WORK ORDER:
Take the line that contains "Current AQHI |" and each line after it to the end of the data below, and set them down exactly, omitting pictures.

======== RAW DATA ========

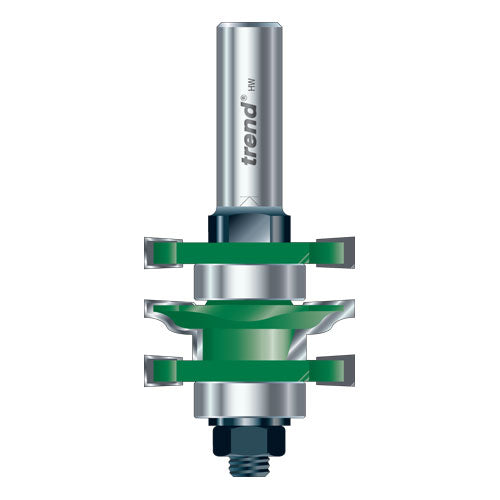 Router table use only. 1/4 inch and 8mm shanks should only be used with a medium or heavy duty router. For certain routers the aperture in the base may need to be enlarged. A workholding device should be used when cutting the scribe cut on the rail ends. The cutting edges should be staggered to each other. When using Easyset cutters take several passes.
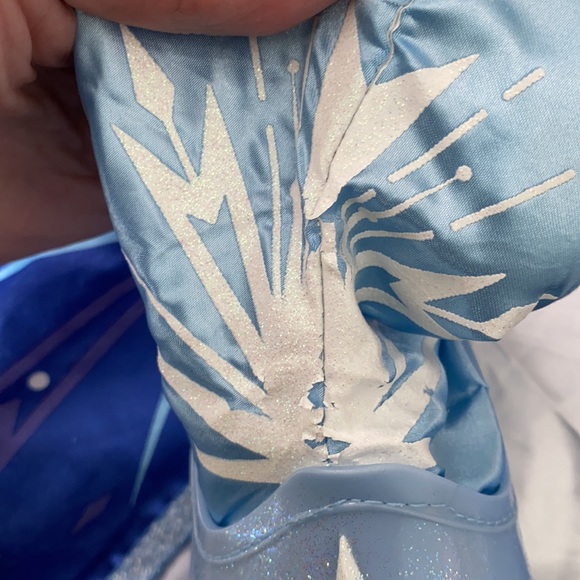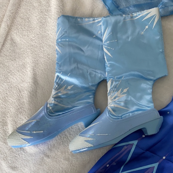 Disney Elsa travel costume with boots. Boot has slight peeling of white design in front. See photo. Size 4-6X
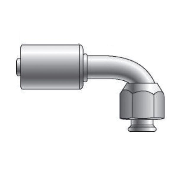 Gates® Polarseal® 90 deg Elbow, Connection Type 1: Hose, Connection Size 1: 5/16 in, Hose Dash Size: 05, Connection Type 2: SAE 45 deg Flare Swivel, Gender 2: Female, Connection Size 2: 3/8 in, Thread Size 2: 5/8-18, Material Construction: Steel
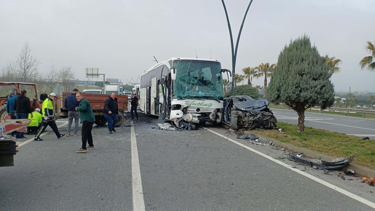 Kaza, saat 11.30 sıralarında İzmir-Manisa çevre yolu Yunusemre ilçesi kesimindeki Saat Kulesi Kavşağı Menemen Köprüsü girişinde meydana geldi. İzmir'den Manisa'nın Akhisar ilçesi yönüne giden Duran Kocatürk'ün (72) kullandığı 16 AFP 130 plakalı otomobil, sağ şeritteki aynı yöne giden Mevlüt Yurt (48) yönetimindeki 45 ET 318 plakalı asfalt atığı yüklü traktöre çarptı. Çarpmanın etkisiyle savrulan otomobil, sol şeride geçti. Bu sırada gelen İ.E. (52) idaresindeki 10 HF 160 plakalı İzmir-İstanbul seferini yapan yolcu otobüsü, otomobile çarptı. Kazada traktör sürücüsü Mevlüt Yurt, otomobil sürücüsü Duran Kocatürk, yanındaki Nazire Kocatürk (71) otobüste görevli muavinler Enes Bilgili (20) ve Kadir Şerifoğlu (26) yaralandı. Çevredekilerin ihbarıyla kaza yerine çok sayıda ambulans, polis ve itfaiye ekipleri sevk edildi. Yaralılar, araçlardan çıkarılarak, ekipler tarafından hastanelere kaldırıldı. Tedaviye alınan yaralıların durumlarının iyi olduğu bildirildi. Kaza ile ilgili soruşturma başlatıldı. (DHA)
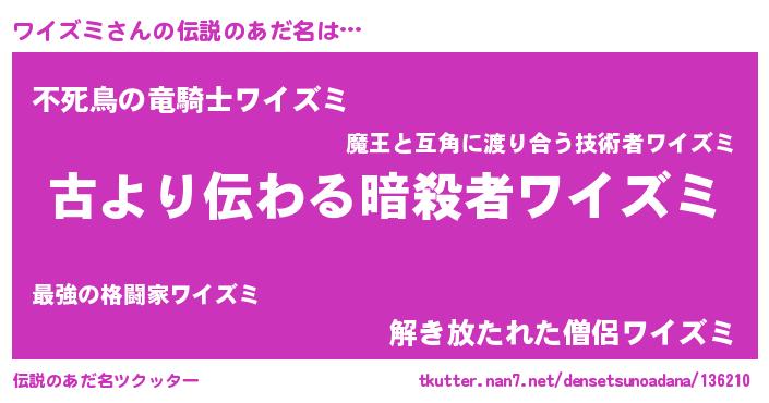 | 意味不明あだ名 | 『自称ワイズミ』『永久保存ワイズミ』 |
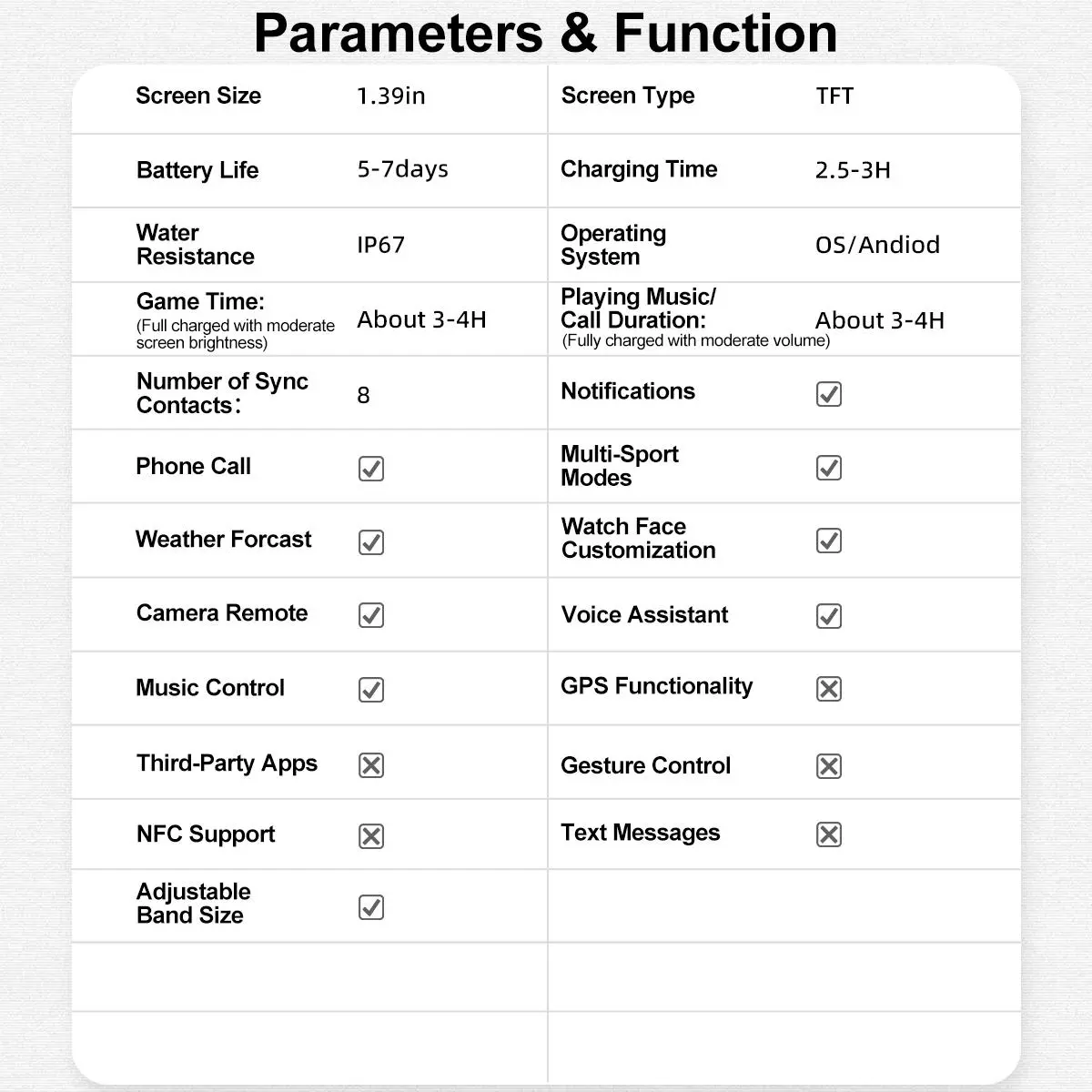 Ever wished your watch could do more than just tell time? Meet the LIFEBEE Multifunctional Smart Watch, designed to keep you connected and active without missing a beat. Whether you're juggling calls, tracking your fitness goals, or just want to customize your style, this smartwatch has your back. With its crisp 1.39-inch TFT touchscreen and vibrant 360x360 resolution, checking notifications and switching watch faces is a breeze. The IP67 waterproof design means you can wear it worry-free during workouts or rainy days, though swimming is a no-go. Choose from over 100 exercise modes to monitor steps, calories, and distance, making every workout count. Plus, the built-in voice assistant and mini games add a fun twist to your daily routine. Sync up to 8 contacts for quick calls and get timely reminders to stay hydrated or move around. The adjustable silicone band ensures a comfy fit for all-day wear. Inside the box, you'll find everything you need: the smartwatch, charging cable, and an easy-to-follow user manual. Ready to upgrade your wrist game? Grab your LIFEBEE smartwatch today and stay stylishly connected wherever life takes you!
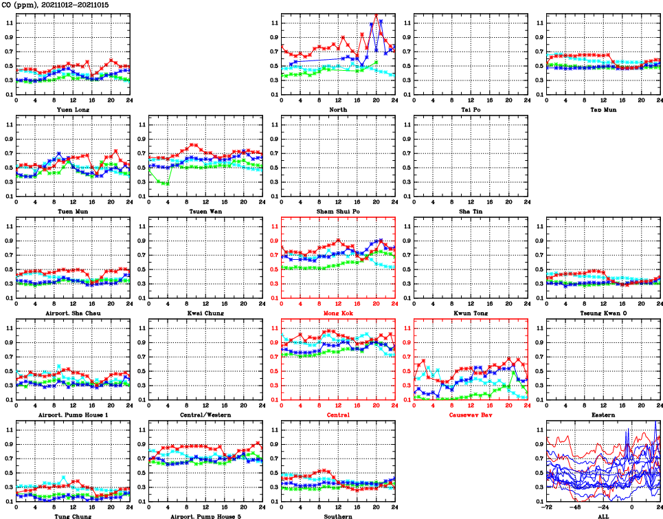 | Air Quality Data Time Series for CO (2021/10/15) | ( Line colors: Day -3 Day -2 Day -1 Current day ) | 2D Map Current AQHI |
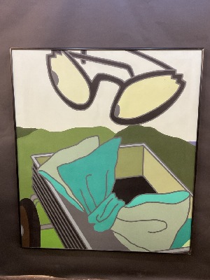 An Unsigned Vintage Pop Art Mural Oil on Canvas Painting. Provenance: Uptown Gallery Manhattan Label (Verso) Dimensions: 60" X 52 1/2"
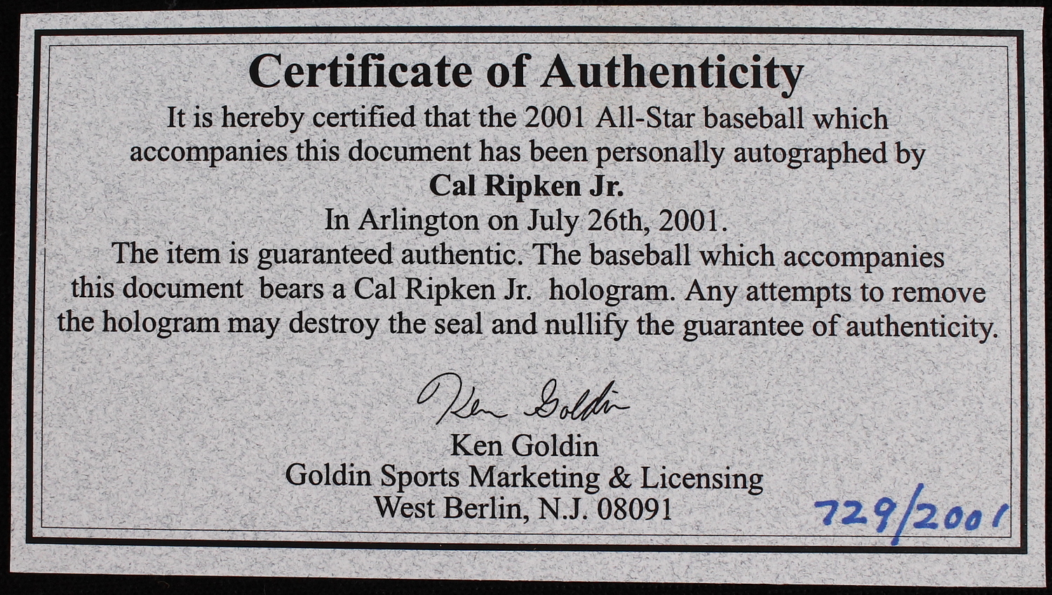 Rawlings Official Major League 2001 All-Star Game baseball hand-signed and inscribed by Cal Ripken Jr. (Orioles HOF). The ball is stamped and post marked 7/10/2001, the date of the All-Star game. Limited Edition hand-numbered 729/2001. The ball includes an official Cal Ripken Jr. hologram for authenticity purposes.

========

RESPONSE AREA:
 | Air Quality Data Time Series for CO (2021/10/15) | ( Line colors: Day -3 Day -2 Day -1 Current day ) | 2D Map Current AQHI |
 An Unsigned Vintage Pop Art Mural Oil on Canvas Painting. Provenance: Uptown Gallery Manhattan Label (Verso) Dimensions: 60" X 52 1/2"
 Rawlings Official Major League 2001 All-Star Game baseball hand-signed and inscribed by Cal Ripken Jr. (Orioles HOF). The ball is stamped and post marked 7/10/2001, the date of the All-Star game. Limited Edition hand-numbered 729/2001. The ball includes an official Cal Ripken Jr. hologram for authenticity purposes.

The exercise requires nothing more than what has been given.